Von Norbert KulsIn der Einfahrt mit den grauen Kieselsteinen liegt der braune, abgebrochene Ast einer Palme. Die hohen Hecken, die über die der Nachbarn am North Lake Way von Palm Beach hinausragen, sind ungeschnitten. Die Anlegestelle für das Boot hinter dem grünlich gestrichenen zweistöckigen Anwesen ist leer. Von der zweispurigen Straße aus, die sich durch die heckenbesäumten Grundstücke zieht, ist kein Name eines Besitzers zu erkennen und auch keine Hausnummer. Aber in Palm Beach weiß jeder, wer im „410 North Lake Way“ gewohnt hat. Es war das Haus des Börsenmaklers Bernard „Bernie“ Madoff, der für den größten Finanzbetrug in der Geschichte der Wall Street verantwortlich ist. Er hatte den Kunden seiner Vermögensverwaltung ein Vermögen von fast 65 Milliarden Dollar vorgegaukelt. Übrig ist davon gerade mal eine Milliarde.

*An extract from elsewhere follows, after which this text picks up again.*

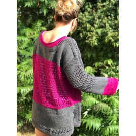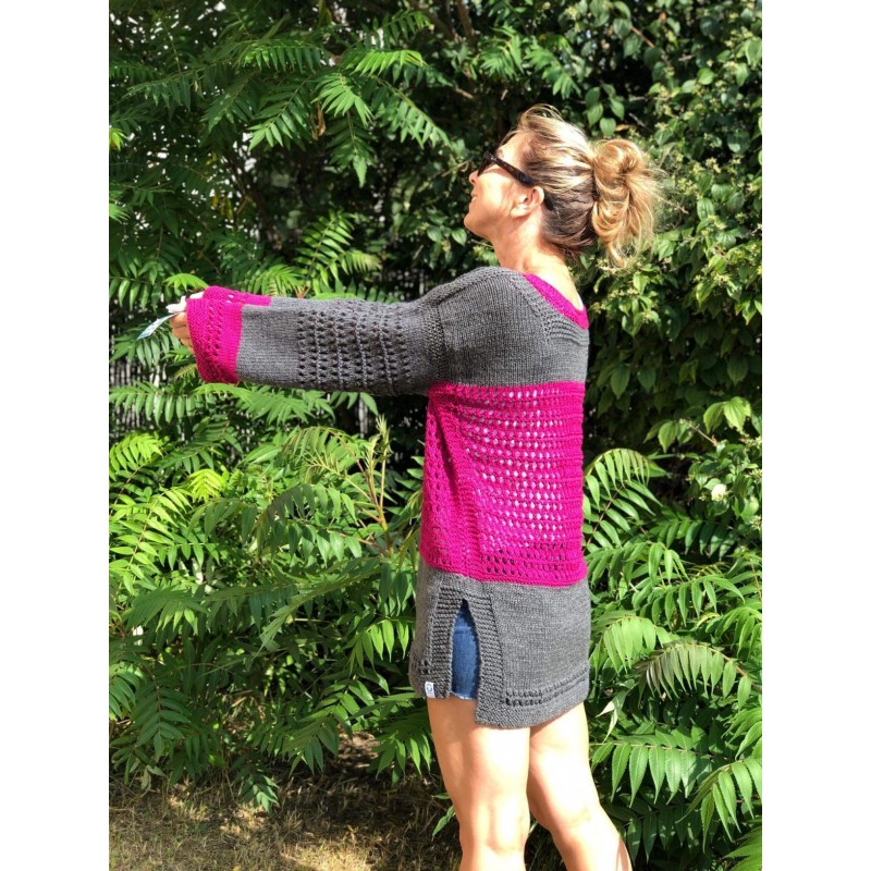 Luźna ażurowa tunika w dwóch kolorach. Połączenie szarości z fuksją to fantastyczny zestaw.

Am Montag steht dieser Fall vor einem neuen Höhepunkt. Mitte März hatte sich Madoff in elf Anklagepunkten des Wertpapierbetrugs, der Geldwäsche, des Meineids und falscher Angaben gegenüber der Börsenaufsicht schuldig bekannt. Am Montag wird der zuständige Bundesrichter Denny Chin im 9. Stock des Bundesgerichtes von New York die Höhe der Strafe für Madoff verkünden. 150 Jahre Haft fordern die Staatsanwälte, außerdem ist von 170 Milliarden Dollar Strafe die Rede (Madoff-Urteil: 170 Millarden Dollar Strafe, 150 Jahre Haft?).

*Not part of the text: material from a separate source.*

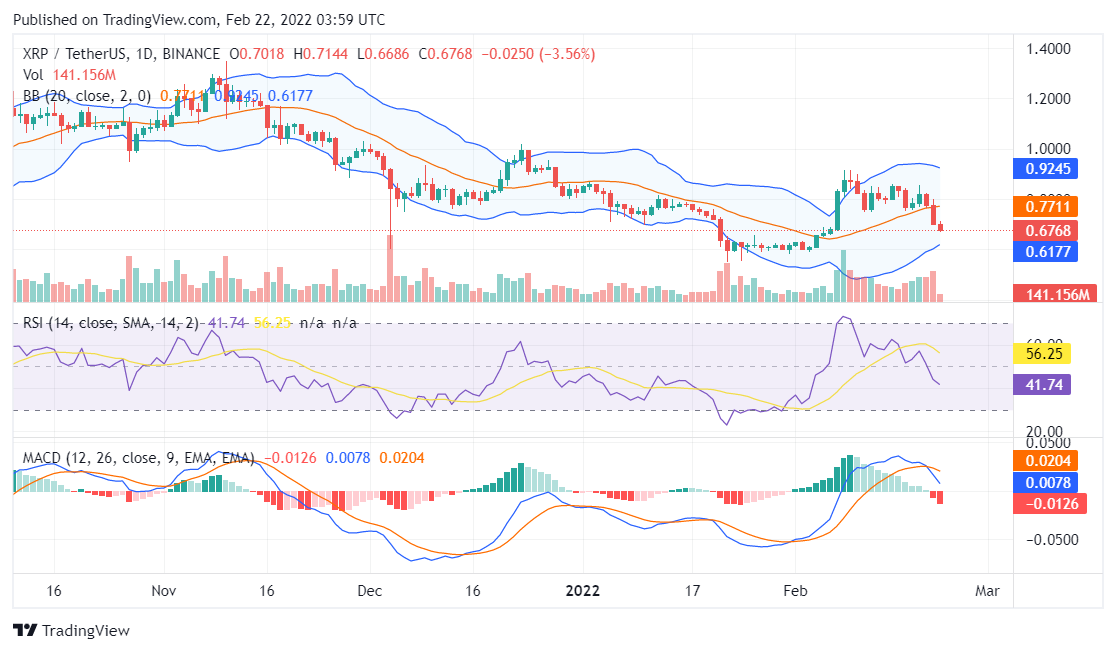 Ripple price analysis for Feb 22, 2022, confirms that the world’s sixth-biggest cryptocurrency has turned bearish and has fallen below the important support of $0.7. It is important to note that the chances of the token turning bullish in the coming days are very bleak. As noted in our XRP analysis for Feb 21, the token was unable to reclaim $0.8, which now seems very distant for the token.

Im Umfeld der Superreichen nur zweite Wahl
Madoffs im März von den Behörden beschlagnahmtes Haus im Wert von fast 10 Millionen Dollar würde in vielen anderen Orten als exklusive Villa durchgehen. In Palm Beach, der Enklave der Superreichen vor der Südküste Floridas, ist das Haus bestenfalls zweite Wahl auf den Listen der Makler. Die relative Bescheidenheit ist ein erster Hinweis auf den Charakter und die Vorgehensweise von Madoff. „Madoff hat nicht auf dem Niveau gelebt, auf dem er hätte leben können“, sagt der Autor Laurence Leamer, der seit mehr als einem Jahrzehnt in Palm Beach lebt. „Er hat sich bewusst bedeckt gehalten.“ Leute, die Madoff kannten, bevor die Fernsehbilder ihn als stoischen Mann zeigten, der sich mit Baseballmütze und Mantel einen Weg durch einen Pulk von Fotografen bahnt, bezeichnen ihn als unprätentiös und zurückhaltend. Ihn umgab wohl auch deshalb der exklusive Nimbus eines Mannes, der auf geheimnisvolle Weise Geld vermehren kann.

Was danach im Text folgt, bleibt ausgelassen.